■ **To do**: For the records below, copy exactly the span that begins at the line containing "Table basse ronde 91x91cm" and stops after the line containing "Ковер является многогранным", minus any pictures.
═══
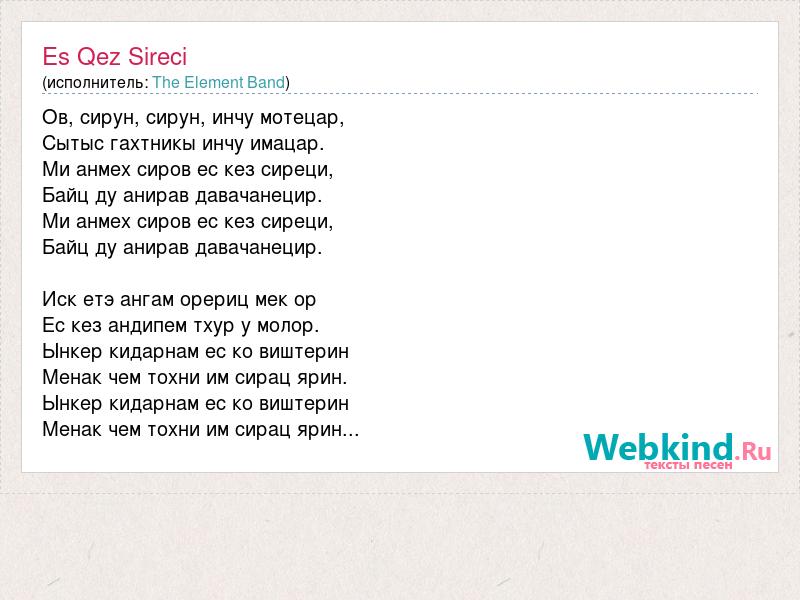Ов, сирун, сирун, инчу мотецар, Сытыс гахтникы инчу имацар. Ми анмех сиров ес кез сиреци, Байц ду анирав давачанецир. Ми анмех сиров ес кез сиреци, Байц ду анирав давачанецир. Иск етэ ангам орериц мек ор Ес кез андипем тхур у молор. Ынкер кидарнам ес ко виштерин Менак чем тохни им сирац ярин. Ынкер кидарнам ес ко виштерин Менак чем тохни им сирац ярин...
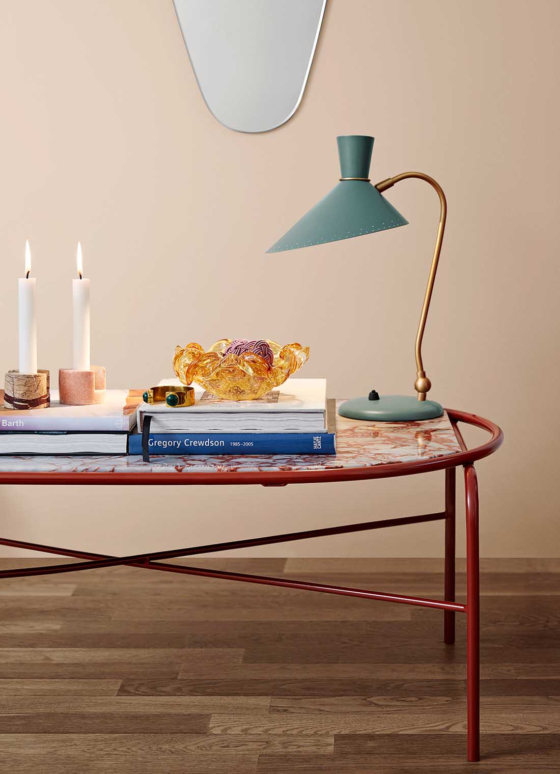 Компактная настольная лампа Warm Nordic Bloom обладает яркой индивидуальностью. Сочетание игривости и чётких линий делает этот предмет интерьера красивым дополнением рабочего стола. Приятным штрихом является визитная карточка дизайнера Svend Aage Holm-Sørensen: характерные отверстия в простом узоре по краю металлического абажура, которые добавляют дополнительное измерение свету.
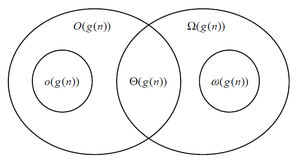 | (Note that papers in number theory have been increasingly and widely using this same notation, since the beginning of the 20th century, in the weaker sense that f = o(g) is false) | Big Omega | is bounded below by (up to constant factor) asymptotically | for some k | |
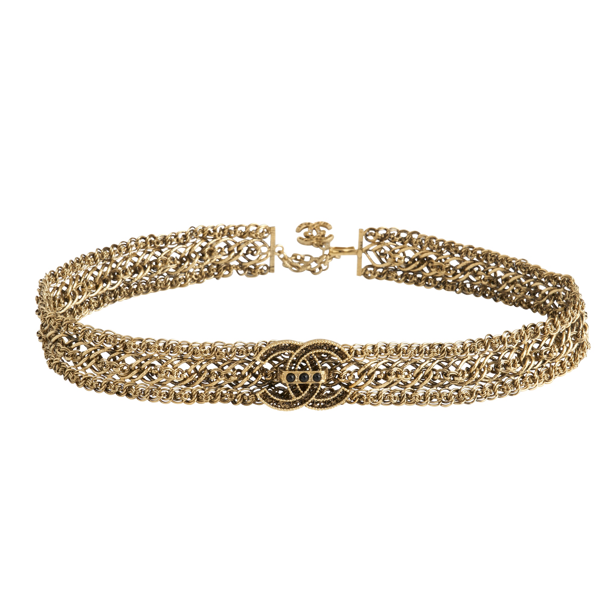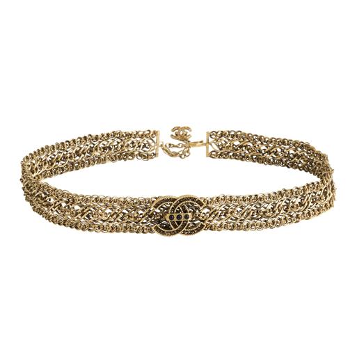 Comprising woven gold tone metal links to a hook closure, featuring hardware 'CC' logo buckle with black gem details, 72 x 3 cm.
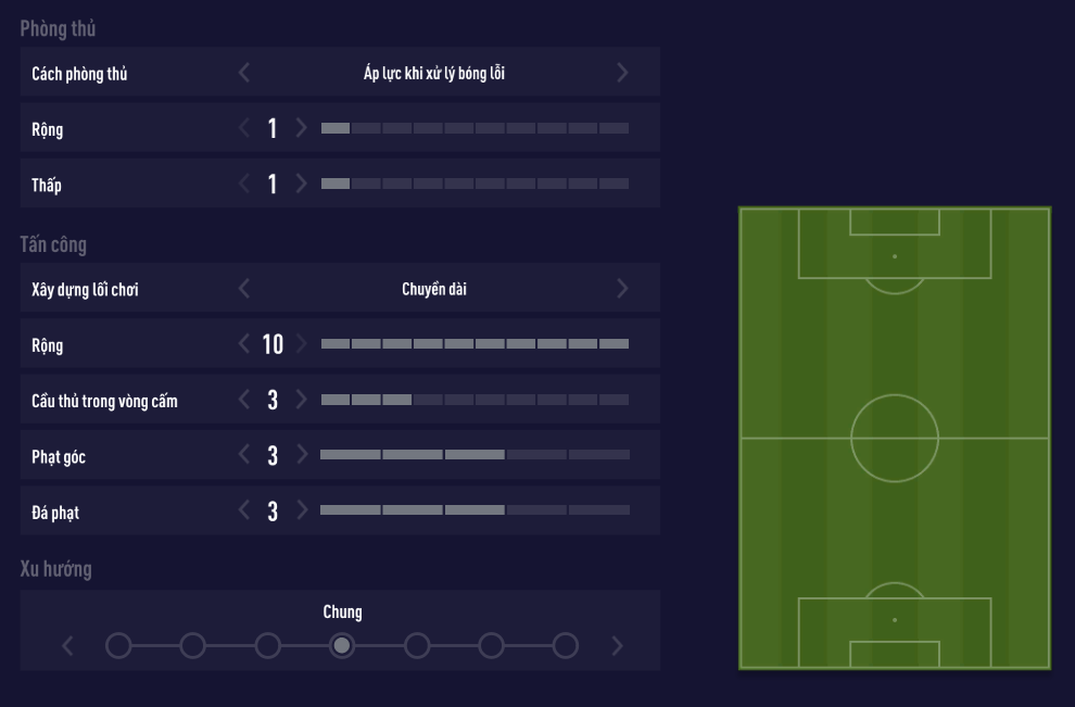 Đây là một ví dụ với đội hình Manchester United, với 4 cầu thủ có chiều cao vượt trội là Lukaku, Weghorst, Fellaini và Ronaldo. Trong đó chiều cao của Ronaldo chỉ là 1m87 nhưng bù lại cảm quan vị trí cũng như khả năng chơi đầu của Ronaldo có thể đánh giá là tốt hơn 3 cầu thủ còn lại rất nhiều.
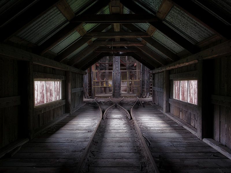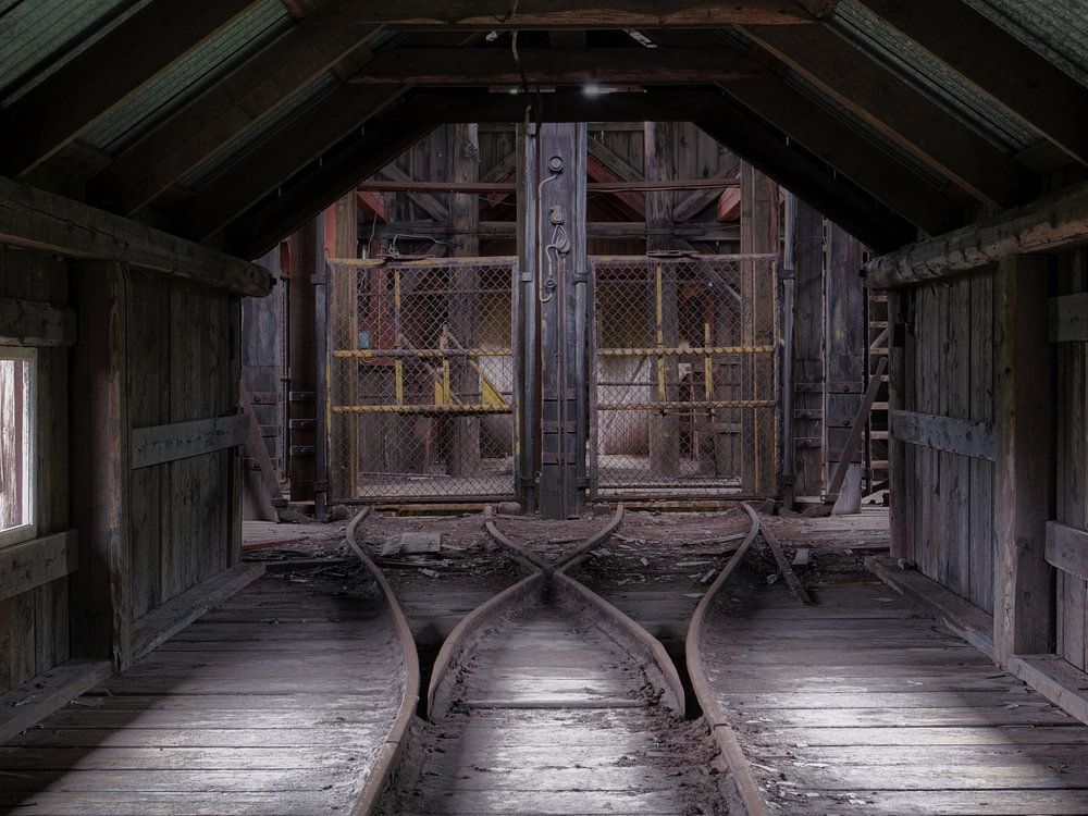Colour photograph of two tracks of mining carts leading to a lift in an old and abandoned iron mine.
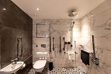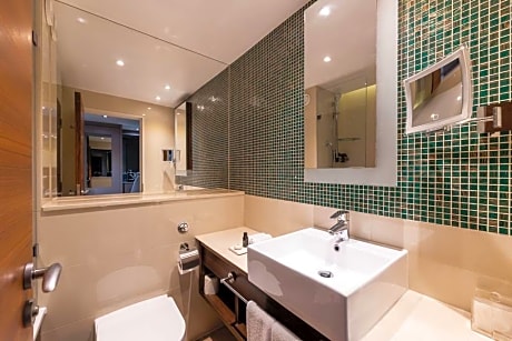 The Cozy Double Rooms are beautifully decorated in elegant and contemporary tones. Each room comes with a 49-inch flat-screen Smart TV with Chromecast and complimentary WiFi. The stylish bathrooms come with premium amenities. Each room also offers air conditioning, USB charge points, a minifridge, an iron, an ironing board and black-out curtains.
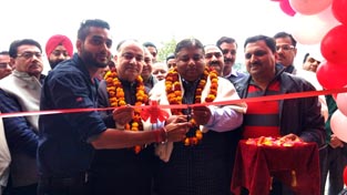 BJP State President and MLA Jammu West Sat Sharma inaugurating JS Wheels Showroom at Greater Kailash.
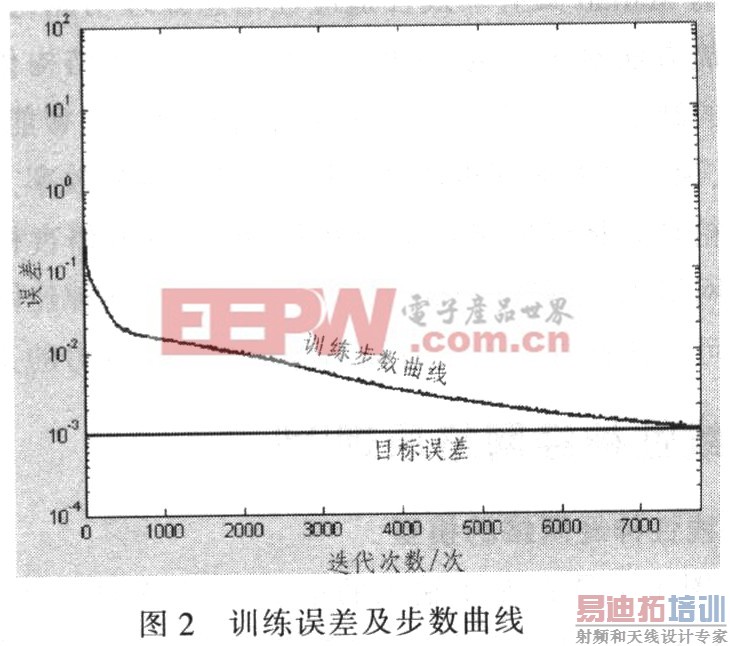 采用其工作原理及Widrow-Hoff规则训练给定系统。训练过程中,当迭代的次数大于10 000或误差小于目标误差时,训练结束。图2为训练后的训练误差及步数曲线,由图2看出,经过7 766步训练后误差达到0.000 999 252小于误差目标e=0.001,训练结束。
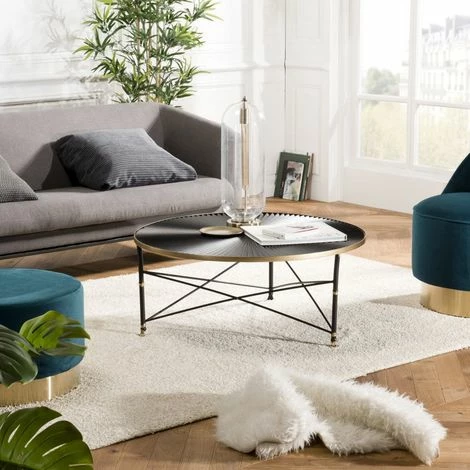 Table basse ronde 91x91cm ceinture dorée pieds métal noir. Dimensions : 91 x 91 x 39 cm. Article en Métal et Panneaux de fibres à densité moyenne. Osez l’originalité ! Laissez-vous tenter par cette collection, des meubles design en métal avec des formes géométriques tendances pour décorer votre maison avec finesse. Imaginez cette table basse ronde au centre de votre pièce de vie ! Très sophistiquée, elle ajoutera une touche d’élégance dans votre intérieur. Sa couleur noire et ses détails dorés feront toute la différence. Meuble monté
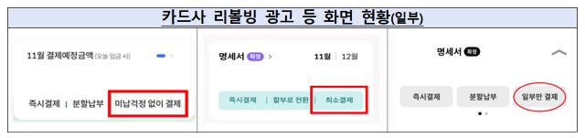 또 최근 카드사의 리볼빙 광고에는 ‘최소결제’·‘미납 걱정없이 결제’ 등 리볼빙이라는 단어 없이 다양한 용어가 사용되고 있다. 이로 인해 당월에 일부금액만 결제할 수 있는 ‘일시불 분할납부 서비스’ 등 타 서비스와 오인할 수 있고 리볼빙에 대한 거부감을 최소화해 리볼빙에 쉽게 가입을 유도할 우려가 있어 소비자의 각별한 주의가 요구된다.
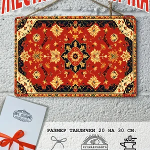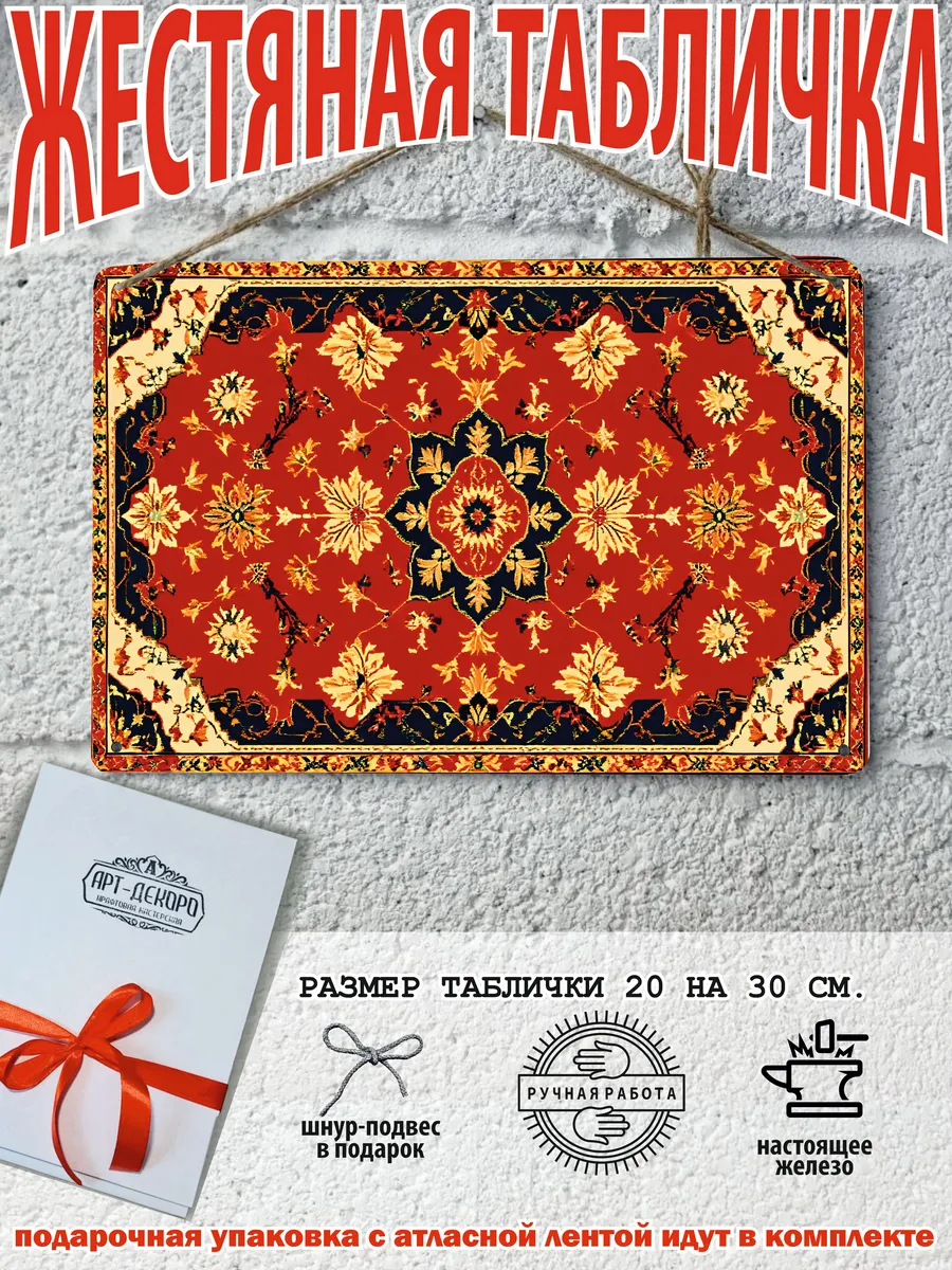 Ковер является многогранным символом: он олицетворяет уют и домашний очаг, а также выступает как оберег, отделяя мир человека от хаоса и защищая от зла. В культурном плане ковер символизирует статус и богатство, а в сказках — возможность путешествия и волшебства, например ковер-самолет. Каждый узор на ковре имеет свой смысл, от плодородия и долголетия до силы, мудрости и удачи, а центральный медальон может символизировать всевидящее око. В прошлом ковры были символом высокого социального положения, благосостояния и достатка. Узоры ковра, особенно центральный медальон, служат оберегом от зла и негативной энергии. Наша мастерская Арт-Декоро предлагает серию ковров на металлических табличках в стиле советских ковров в мини исполнении форматом 30 на 20 см. Такой ковер постер украсит рабочий стол, кухню, спальную, прихожую, гараж и любое место которое вы захотите. Наши постеры идут в комплекте с подарочной упаковкой, что делает его готовым подарком по любому поводу. Отличный подарок на день рождения для любителей советской эстетики. В комплекте так же идет шнур-подвес что упрощает его размещение на стене.
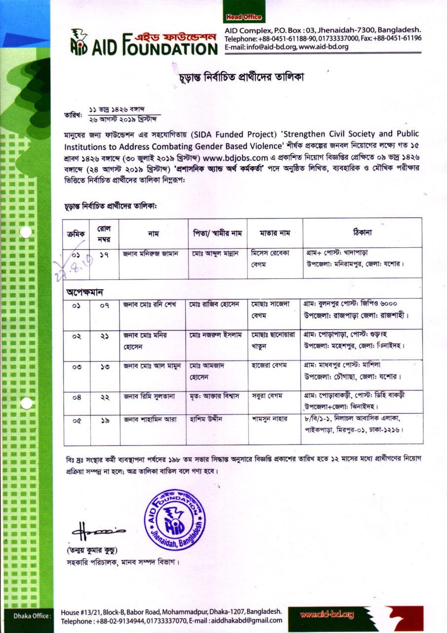 ‘প্রশাসনিক অ্যান্ড অর্থ কর্মকর্তা’ পদে নিয়োগ পরীক্ষার ফলাফল
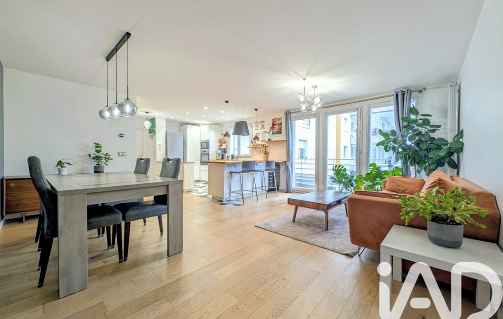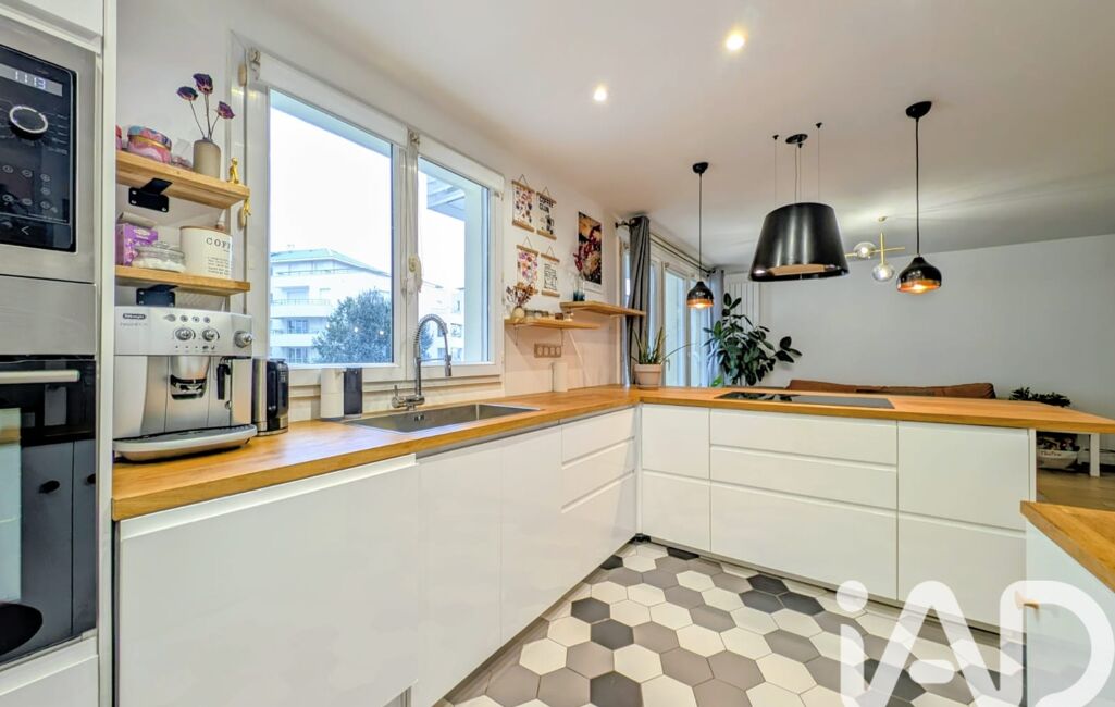 Profitez d'une pièce de vie de 40m² donnant sur une terrasse de 12m² exposée sud-ouest, comprenant un espace d'entrée, une cuisine ouverte équipée avec ilot, un espace salle à manger et un espace salon.
═══
■ **Expected output**:
 Table basse ronde 91x91cm ceinture dorée pieds métal noir. Dimensions : 91 x 91 x 39 cm. Article en Métal et Panneaux de fibres à densité moyenne. Osez l’originalité ! Laissez-vous tenter par cette collection, des meubles design en métal avec des formes géométriques tendances pour décorer votre maison avec finesse. Imaginez cette table basse ronde au centre de votre pièce de vie ! Très sophistiquée, elle ajoutera une touche d’élégance dans votre intérieur. Sa couleur noire et ses détails dorés feront toute la différence. Meuble monté
 또 최근 카드사의 리볼빙 광고에는 ‘최소결제’·‘미납 걱정없이 결제’ 등 리볼빙이라는 단어 없이 다양한 용어가 사용되고 있다. 이로 인해 당월에 일부금액만 결제할 수 있는 ‘일시불 분할납부 서비스’ 등 타 서비스와 오인할 수 있고 리볼빙에 대한 거부감을 최소화해 리볼빙에 쉽게 가입을 유도할 우려가 있어 소비자의 각별한 주의가 요구된다.
 Ковер является многогранным символом: он олицетворяет уют и домашний очаг, а также выступает как оберег, отделяя мир человека от хаоса и защищая от зла. В культурном плане ковер символизирует статус и богатство, а в сказках — возможность путешествия и волшебства, например ковер-самолет. Каждый узор на ковре имеет свой смысл, от плодородия и долголетия до силы, мудрости и удачи, а центральный медальон может символизировать всевидящее око. В прошлом ковры были символом высокого социального положения, благосостояния и достатка. Узоры ковра, особенно центральный медальон, служат оберегом от зла и негативной энергии. Наша мастерская Арт-Декоро предлагает серию ковров на металлических табличках в стиле советских ковров в мини исполнении форматом 30 на 20 см. Такой ковер постер украсит рабочий стол, кухню, спальную, прихожую, гараж и любое место которое вы захотите. Наши постеры идут в комплекте с подарочной упаковкой, что делает его готовым подарком по любому поводу. Отличный подарок на день рождения для любителей советской эстетики. В комплекте так же идет шнур-подвес что упрощает его размещение на стене.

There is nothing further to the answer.